DATA PROVIDED
+ + + + + + +
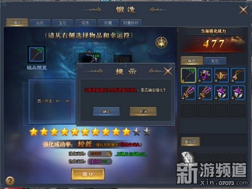 玩家需達(dá)到30級(jí)并完成29級(jí)主線任務(wù)方可開啟裝備強(qiáng)化功能,此過程需要消耗金幣和強(qiáng)化石,若開通臻尊月卡在強(qiáng)化的時(shí)候則可以減免15%的金幣消耗。強(qiáng)化規(guī)則很簡單,玩家在強(qiáng)化裝備界面放入需要強(qiáng)化的裝備后會(huì)在裝備右側(cè)有極品預(yù)覽的顯示。
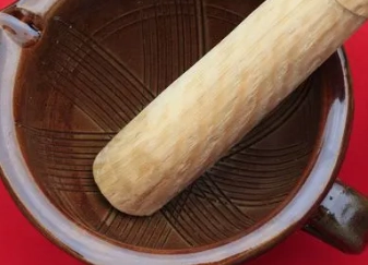 除了上面说的几种加工工具外,古人还有一类工具名为“擂钵”,也叫刻槽盆。基本构造就是在内壁上刻有各种不同凹槽的容器。擂钵种类繁多,起源也很早。人们将粮食放在擂钵内,并用杵杆反复的捣和磨,最后达到去皮或磨粉的最终目的。而盆内凹槽不仅能增加摩擦力,还能提高研磨的效率,还能在淘洗和澄清的时候有利于物质的过滤和沉淀。正是因为这些特点和优势,直到现在我国西南和西北的一些地区,擂钵几乎是家家必备的生活器具。
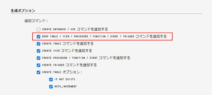生成オプションでは追加コマンドの上から2個目のチェックボックスに☑をいれる。
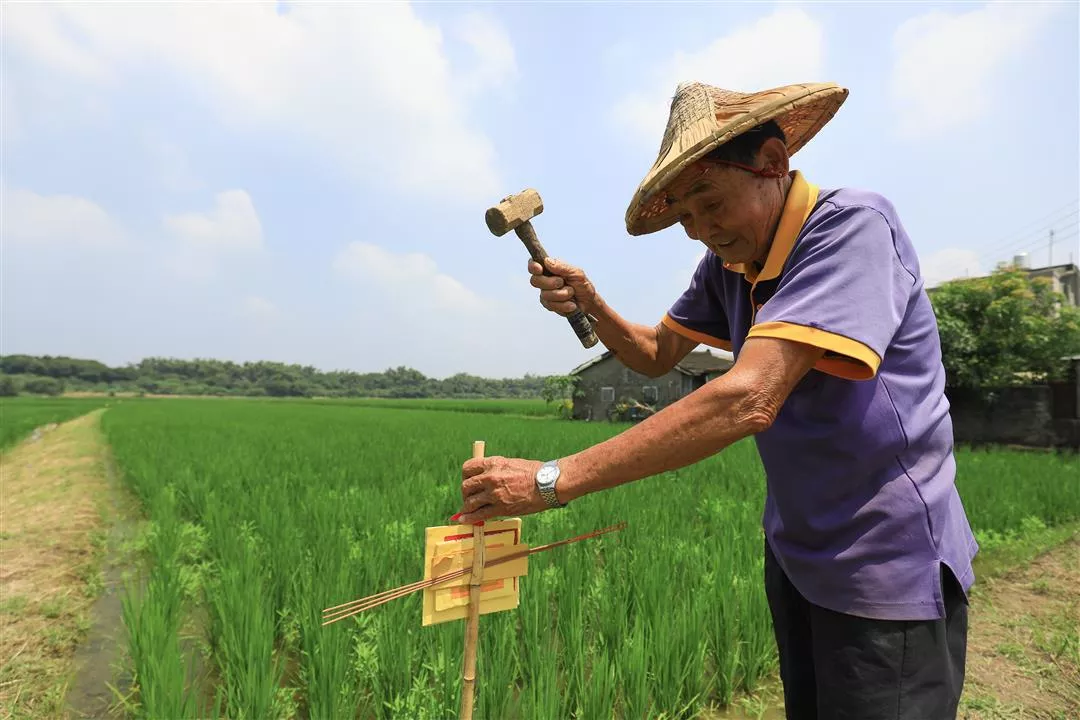 Mr. Wang, a farmer, uses a hammer to drive an Earth God staff into the soil.
+ + + + + + +
Return the material exactly as written, except for any pictures it holds.

 玩家需達(dá)到30級(jí)并完成29級(jí)主線任務(wù)方可開啟裝備強(qiáng)化功能,此過程需要消耗金幣和強(qiáng)化石,若開通臻尊月卡在強(qiáng)化的時(shí)候則可以減免15%的金幣消耗。強(qiáng)化規(guī)則很簡單,玩家在強(qiáng)化裝備界面放入需要強(qiáng)化的裝備后會(huì)在裝備右側(cè)有極品預(yù)覽的顯示。
 除了上面说的几种加工工具外,古人还有一类工具名为“擂钵”,也叫刻槽盆。基本构造就是在内壁上刻有各种不同凹槽的容器。擂钵种类繁多,起源也很早。人们将粮食放在擂钵内,并用杵杆反复的捣和磨,最后达到去皮或磨粉的最终目的。而盆内凹槽不仅能增加摩擦力,还能提高研磨的效率,还能在淘洗和澄清的时候有利于物质的过滤和沉淀。正是因为这些特点和优势,直到现在我国西南和西北的一些地区,擂钵几乎是家家必备的生活器具。
生成オプションでは追加コマンドの上から2個目のチェックボックスに☑をいれる。
 Mr. Wang, a farmer, uses a hammer to drive an Earth God staff into the soil.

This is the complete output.